Prestigious award for Sunshine Girl Shamera Sterling; other J’cans recognised
MELBOURNE, Australia (CMC) – Shamera Sterling led a trio of Jamaican netballers who earned recognition on Saturday during the Netball Australia (NA) awards.
Sterling was voted the Super Netball League Player of the Year after a stellar campaign with first-time champions Adelaide Thunderbirds (T-birds)in which she led the way with 118 deflections and made 46 interceptions.
At the same time, NA announced that fellow Jamaican defenders Latanya Wilson (Sterling’s T-birds teammate), and Jodi-Ann Ward earned selection to the Super Netball Team of the Year.
Sterling, a member of the Jamaica Sunshine Girls team for the past seven years, was part of the T-birds defensive unit that enabled the side to finish second in the preliminary competition and enjoy their best year in the league with the title.
The 28-year-old was dominant in defence and created opportunities from which her teammates were able to capitalise, and was outstanding for the T-birds in the grand final when she was a handful inside the offensive arc for Sunshine Girls teammate and icon Romelda-Aiken George.

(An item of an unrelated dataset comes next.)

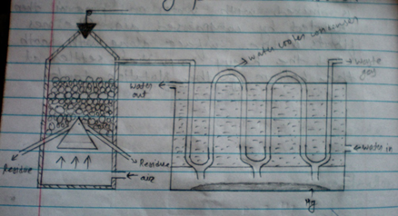 The concentrated are is mixed with 2% coke and fed into shaft furnace through a cup and wine. Arrangement the furnace is heated by pruning fuel and air is below in cinnabar is first oxidized to mercuric oxide which then decompose into mercury the vapor of mercury are condensed in Y-shaped. Earthen condensers cooled by water.

Sterling also grabbed a crucial intercept with the clock winding down that earned the T-birds a 60-59 win against the New South Wales Swifts in the grand final which had the pink army erupting in cheers at John Cain Arena.
For Wilson, the awards were a double delight after it was announced that she earned selection in the wing defence and goal defence positions, while Ward earned her place at the goalkeeper position.
Wilson finished the season with the fourth-highest deflections of 70 and interceptions of 40 and she was credited with also playing a crucial role in shutting down offensive lanes, while Ward was runner-up to Sterling for interceptions with 40.
The awards for the Jamaican trio will be bittersweet because their immediate professional playing future still looks uncertain, with no clear end in sight for the bitter pay dispute between NA and the Australia Netball Players’ Association.
Super Netball players collectively boycotted the awards ceremony, one of the marquee events on the calendar of the national governing body, but members of the Australia Diamonds national team were forced to attend because they were contractually obligated to do so.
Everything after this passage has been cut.